Updates the Azure Sentinel instance with all indicators from the dataset(s).
- APPEND:
The APPEND update strategy only updates the Azure Sentinel instance with indicators that have been added to the dataset(s) since the last time the feed was run.
It does not remove indicators from Azure Sentinel when entities or observables are removed from the selected dataset(s).
The feed does the following:
Determines the indicator IDs for entities and observables that have been added to the dataset(s) since the last time the feed was run.
Updates the Azure Sentinel instance with the new indicators.
- DIFF:
The DIFF update strategy determines the indicators that have been added and removed to the dataset(s) since the last time the feed was run. Then, on the Azure Sentinel instance, the feed adds the new indicators and deletes indicators that have been removed from the dataset(s).
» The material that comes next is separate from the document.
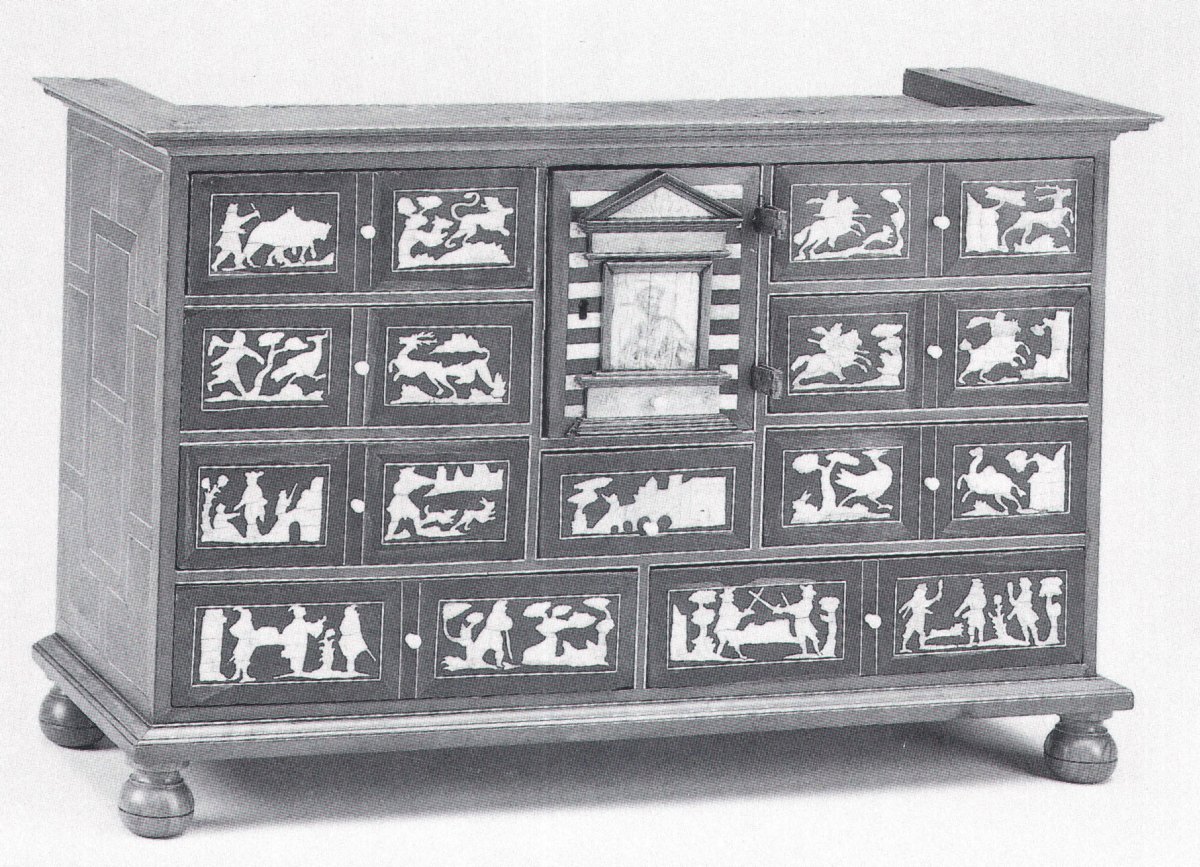 CABINET. Une porte au centre avec perspective intérieure entourée de tiroirs, les façades sont incrustées de sujets en ivoire, os: scènes de chasse, duels, animaux courants, vues de châteaux.

The feed does the following:
Determines the indicator IDs for entities and observables that have been removed from the dataset(s) or have expired since the last time the feed was run.
Determines the indicator IDs of entities and observables that have been added to the dataset(s) since the last run.
Updates the Azure Sentinel instance with the new indicators.
Deletes indicators that have been removed from the dataset(s), or have expired.